즉, amino acid synthesis and interconversion (transamination)의 경로(pathway)에 속한 유전자들에 유전적 이상이 있는지 여부를 판단 또는 판별하여, 암의 존재 또는 부존재 여부나 암의 발병 정도를 진단할 수 있다.That is, it is possible to diagnose the presence or absence of cancer or the degree of cancer by judging or discriminating whether genetic abnormality exists in the genes belonging to the pathway of amino acid synthesis and interconversion (transamination).

도 2는 본 발명의 일 실시예에 따른 암 진단 장치(10)에서 이용되는, 유전자 마커 세트에 포함된 유전자 마커들을 나열한 표이다.2 is a table listing gene markers included in a genetic marker set used in the cancer diagnosis apparatus 10 according to an embodiment of the present invention.

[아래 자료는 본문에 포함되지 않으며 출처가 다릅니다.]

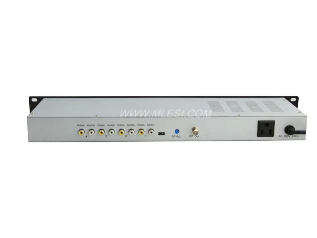 1、四路視音頻通道輸入,一路射頻四個(gè)頻道的隔頻輸出。

도 2를 참고하면, 본 실시예에서 이용되는 유전자 마커 세트에는 PYCR1(pyrroline-5-carboxylate reductase 1), PHGDH(phosphoglycerate dehydrogenase), GLS2(glutaminase 2 (liver, mitochondrial)), GLS(glutaminase), GLUD1(glutamate dehydrogenase 1), GLUL(glutamate-ammonia ligase), GOT1(glutamic-oxaloacetic transaminase 1, soluble (aspartate aminotransferase 1)), GOT2(glutamic-oxaloacetic transaminase 2, mitochondrial (aspartate aminotransferase 2)), GPT(glutamic-pyruvate transaminase (alanine aminotransferase)), GPT2(glutamic pyruvate transaminase (alanine aminotransferase　2)), PSAT1(phosphoserine aminotransferase 1), ASNS(asparagine synthetase (glutamine-hydrolyzing)), OAT(ornithine aminotransferase), PSPH(phosphoserine phosphatase), ALDH18A1(aldehyde dehydrogenase 18 family, member A1) 및 CCBL1(cysteine conjugate-beta lyase, cytoplasmic)로 구성된 군으로부터 선택된 적어도 하나의 유전자 마커가 포함될 수 있다. 즉, 본 실시예에서 이용되는 유전자 마커 세트에는 위와 같은 16개의 유전자 마커들이 포함되거나, 또는 어느 1개 또는 그 이상의 유전자 마커가 포함될 수 있다. 앞서 설명한 바와 같이, 위와 같은 16개의 유전자 마커들은 amino acid synthesis and interconversion (transamination)의 경로(pathway)에 속한 유전자들에 해당된다.2, the set of genetic markers used in this embodiment includes pyrroline-5-carboxylate reductase 1, phosphoglycerate dehydrogenase (PHGDH), glutaminase 2 (liver, mitochondrial), GLS (glutaminase) glutamate dehydrogenase 1 (GLUT), glutamic-oxaloacetic transaminase 1 (GOT1), soluble aspartate aminotransferase 1 (GOT2), glutamic-oxaloacetic transaminase 2, mitochondrial (aspartate aminotransferase 2) (glutamic pyruvate transaminase), PSAT1 (phosphoserine aminotransferase 1), ASNS (asparagine synthetase (glutamine-hydrolyzing)), OAT (ornithine aminotransferase), PSPH (phosphoserine phosphatase), pyruvate transaminase (alanine aminotransferase) At least one gene marker selected from the group consisting of ALDH18A1 (aldehyde dehydrogenase 18 family member A1) and CCBL1 (cysteine conjugate-beta lyase, cytoplasmic). That is, the genetic marker set used in the present embodiment may include 16 gene markers as described above, or may include any one or more genetic markers. As described above, these 16 gene markers correspond to the genes belonging to the pathway of amino acid synthesis and interconversion (transamination).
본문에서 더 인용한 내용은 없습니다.